• [PROMPT]
Each word in the data below should be copied exactly; the images should not.

• [MATERIAL PROVIDED]
* * * * *

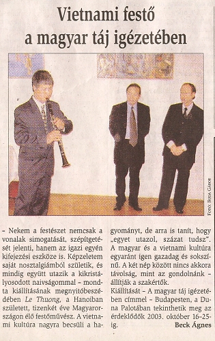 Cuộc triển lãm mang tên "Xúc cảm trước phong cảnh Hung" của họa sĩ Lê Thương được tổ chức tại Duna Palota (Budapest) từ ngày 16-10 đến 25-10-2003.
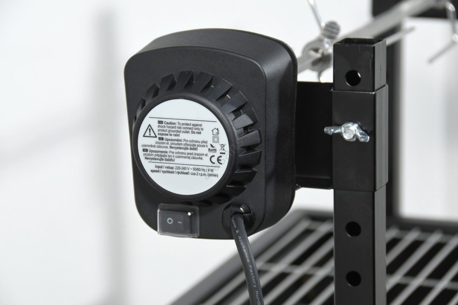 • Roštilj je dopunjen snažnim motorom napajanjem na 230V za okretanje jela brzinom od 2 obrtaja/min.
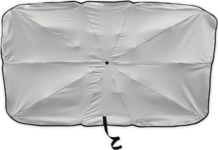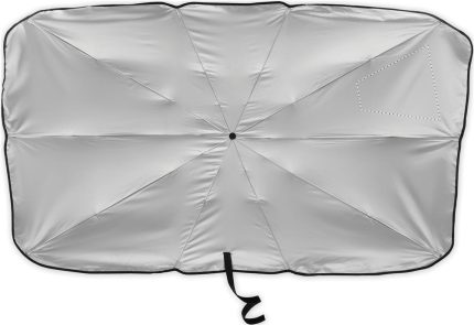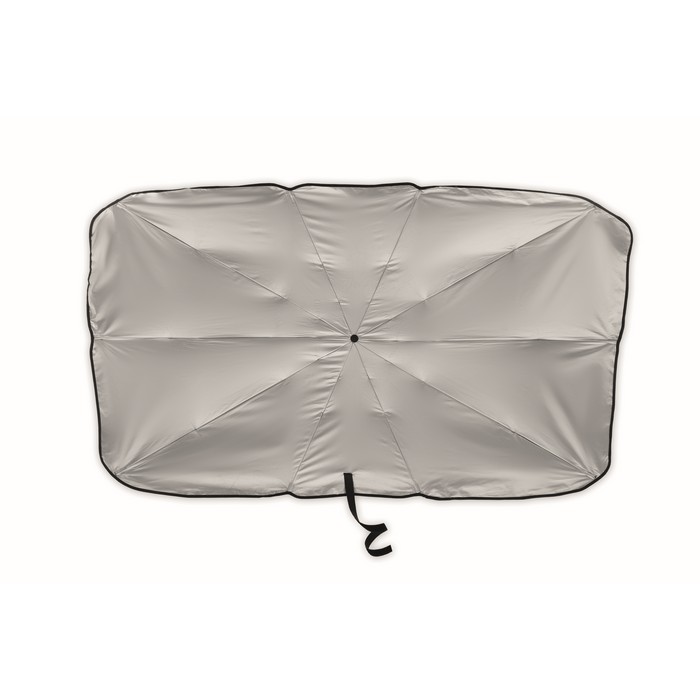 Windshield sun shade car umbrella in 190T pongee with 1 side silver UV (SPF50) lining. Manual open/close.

* * * * *

• [RESPONSE BOX]
 Cuộc triển lãm mang tên "Xúc cảm trước phong cảnh Hung" của họa sĩ Lê Thương được tổ chức tại Duna Palota (Budapest) từ ngày 16-10 đến 25-10-2003.
 • Roštilj je dopunjen snažnim motorom napajanjem na 230V za okretanje jela brzinom od 2 obrtaja/min.
 Windshield sun shade car umbrella in 190T pongee with 1 side silver UV (SPF50) lining. Manual open/close.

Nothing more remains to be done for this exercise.